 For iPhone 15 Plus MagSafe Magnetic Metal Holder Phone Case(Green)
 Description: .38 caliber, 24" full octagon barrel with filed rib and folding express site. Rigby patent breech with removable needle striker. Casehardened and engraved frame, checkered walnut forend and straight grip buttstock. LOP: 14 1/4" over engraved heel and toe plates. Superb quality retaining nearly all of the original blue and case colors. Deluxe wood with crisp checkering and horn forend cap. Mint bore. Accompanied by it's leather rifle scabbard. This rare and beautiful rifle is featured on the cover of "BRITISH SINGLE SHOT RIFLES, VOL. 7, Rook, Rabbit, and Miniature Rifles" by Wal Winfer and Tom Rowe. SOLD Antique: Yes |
* * *
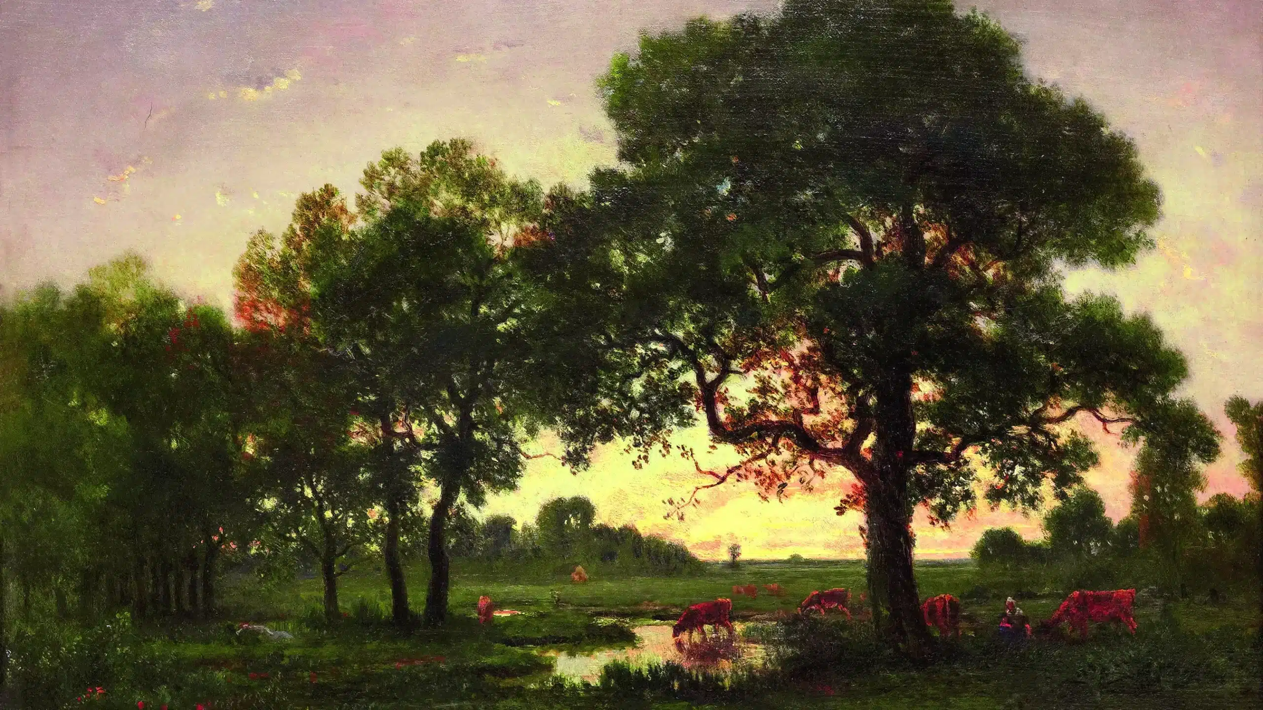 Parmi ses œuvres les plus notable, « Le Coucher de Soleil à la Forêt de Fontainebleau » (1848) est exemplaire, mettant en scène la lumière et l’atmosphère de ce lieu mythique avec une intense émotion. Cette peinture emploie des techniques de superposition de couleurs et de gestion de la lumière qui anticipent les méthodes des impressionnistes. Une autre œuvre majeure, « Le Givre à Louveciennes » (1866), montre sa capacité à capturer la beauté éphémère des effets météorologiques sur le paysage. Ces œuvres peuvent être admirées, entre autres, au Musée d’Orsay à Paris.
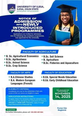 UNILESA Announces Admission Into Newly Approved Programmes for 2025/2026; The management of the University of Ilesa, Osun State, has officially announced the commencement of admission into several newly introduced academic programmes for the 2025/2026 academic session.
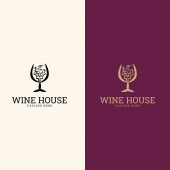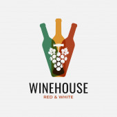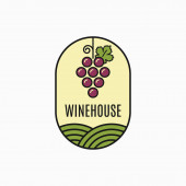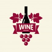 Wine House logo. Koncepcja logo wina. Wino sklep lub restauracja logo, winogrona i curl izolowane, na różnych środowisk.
---
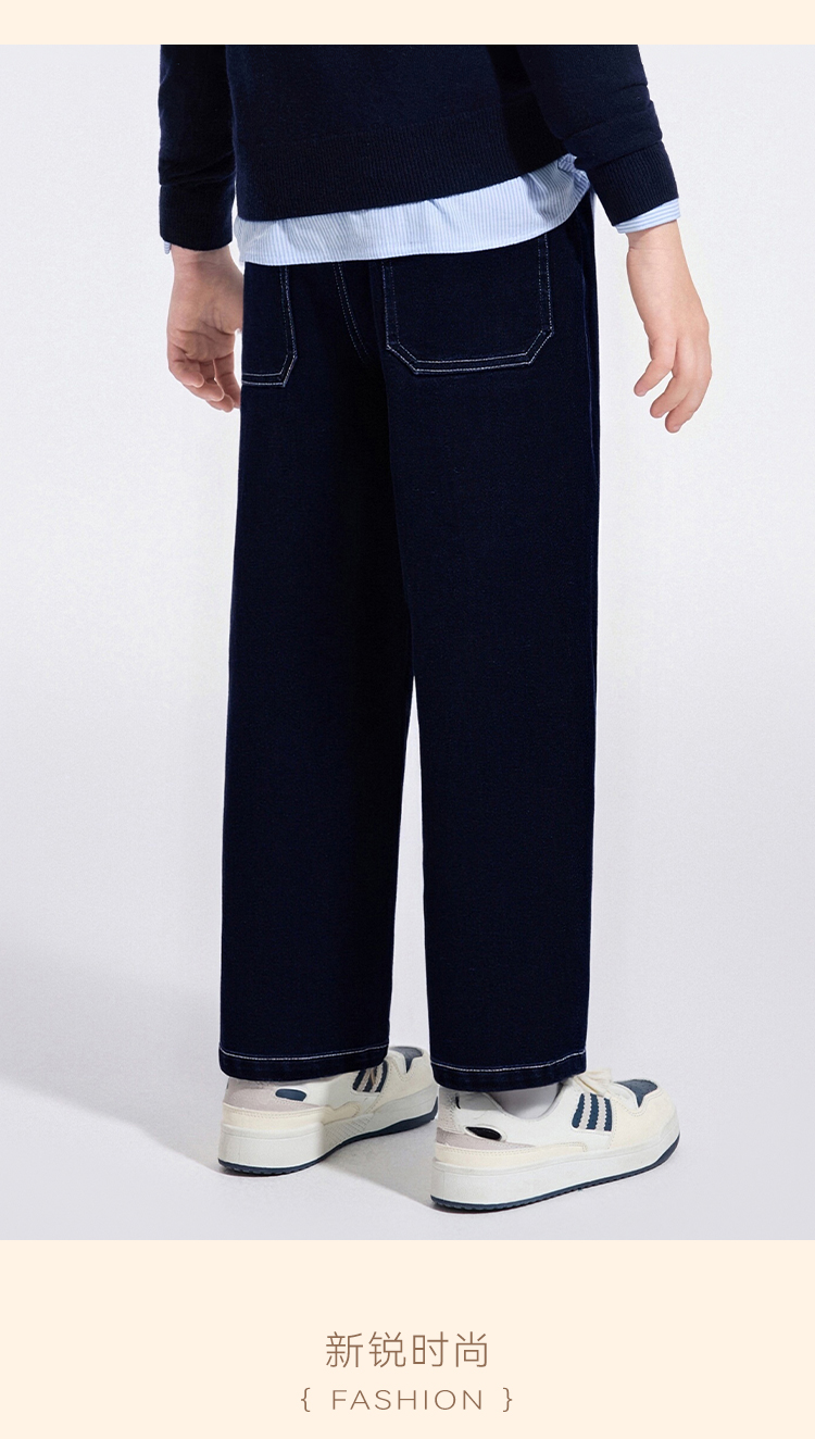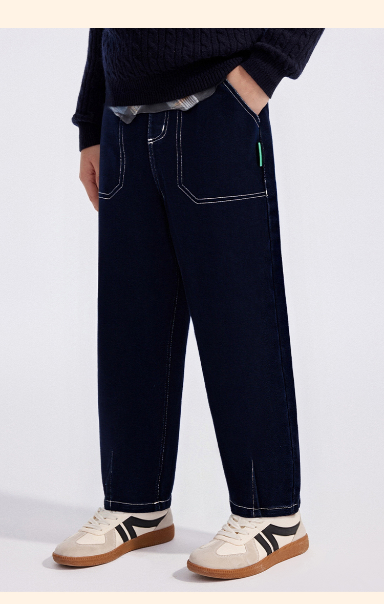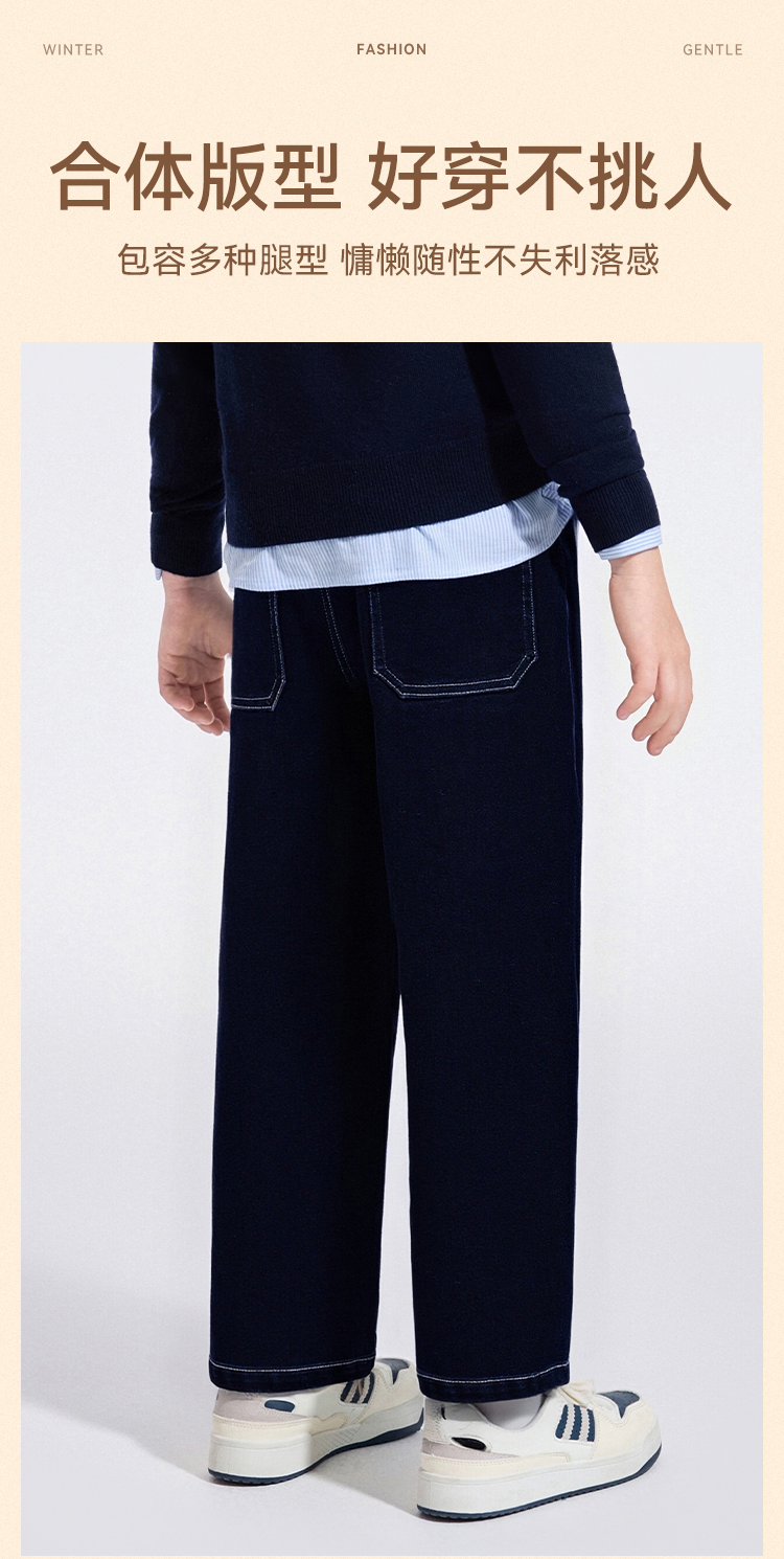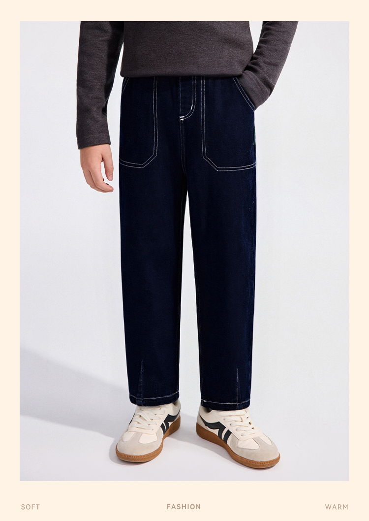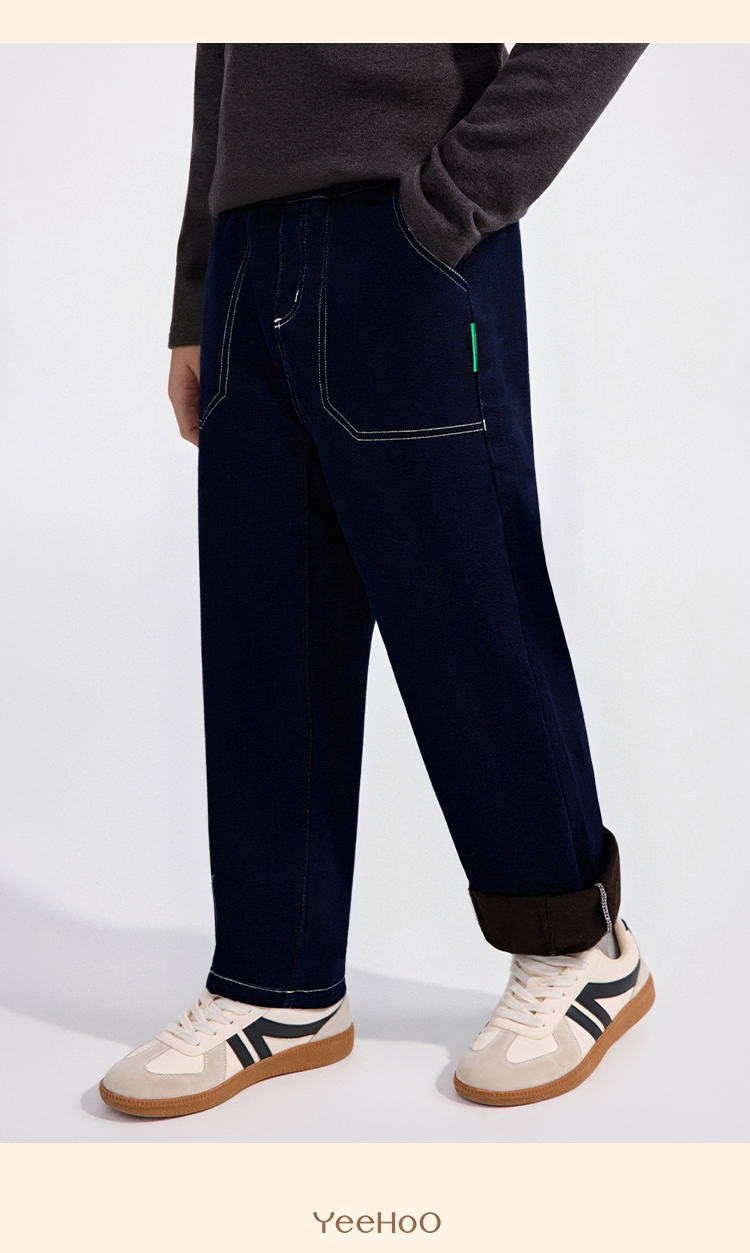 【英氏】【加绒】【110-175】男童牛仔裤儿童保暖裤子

- Required work -
Above are the records. Copy the lines beginning at the one that has "For iPhone 15" and ending with the one that has "Antique: Yes |", unchanged.

- Answer box -
 For iPhone 15 Plus MagSafe Magnetic Metal Holder Phone Case(Green)
 Description: .38 caliber, 24" full octagon barrel with filed rib and folding express site. Rigby patent breech with removable needle striker. Casehardened and engraved frame, checkered walnut forend and straight grip buttstock. LOP: 14 1/4" over engraved heel and toe plates. Superb quality retaining nearly all of the original blue and case colors. Deluxe wood with crisp checkering and horn forend cap. Mint bore. Accompanied by it's leather rifle scabbard. This rare and beautiful rifle is featured on the cover of "BRITISH SINGLE SHOT RIFLES, VOL. 7, Rook, Rabbit, and Miniature Rifles" by Wal Winfer and Tom Rowe. SOLD Antique: Yes |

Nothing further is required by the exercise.